DIRECTIONS | Please transcribe the data below exactly. Leave the pictures out.

INFORMATION PROVIDED |
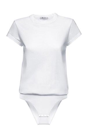 Short sleeve tee body suit with bottom button snap closure. Crew neck. Made with 100% Cotton. Contrast made with 95% Modal, 5% Elastane. * PLEASE NOTE THERE ARE NO RETURNS / EXCHANGES ON THIS ITEM
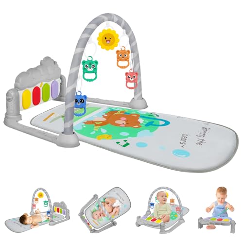 AOMIG Baby piano gymmatta, Baby Gym Spela Mats med musik och ljus, Lekmatta med löstagbara aktivitetsleksaker, tidig utvecklingsaktivitet Baby Lekmatta Leksakspresent för bebisar
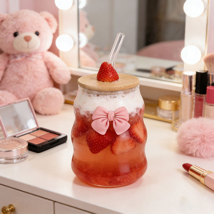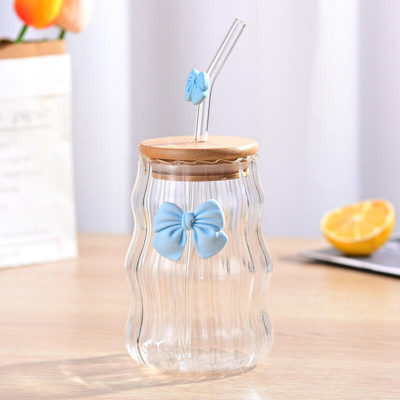Add a touch of elegance and cuteness to your drinkware with this Curvy Glass Tumbler Set with Pink Bow Charms. Designed with a unique curved shape and adorable pink bow accents, these tumblers are perfect for serving juices, iced coffee, smoothies, or water in style.

FINISHED TASK |
 Short sleeve tee body suit with bottom button snap closure. Crew neck. Made with 100% Cotton. Contrast made with 95% Modal, 5% Elastane. * PLEASE NOTE THERE ARE NO RETURNS / EXCHANGES ON THIS ITEM
 AOMIG Baby piano gymmatta, Baby Gym Spela Mats med musik och ljus, Lekmatta med löstagbara aktivitetsleksaker, tidig utvecklingsaktivitet Baby Lekmatta Leksakspresent för bebisar
Add a touch of elegance and cuteness to your drinkware with this Curvy Glass Tumbler Set with Pink Bow Charms. Designed with a unique curved shape and adorable pink bow accents, these tumblers are perfect for serving juices, iced coffee, smoothies, or water in style.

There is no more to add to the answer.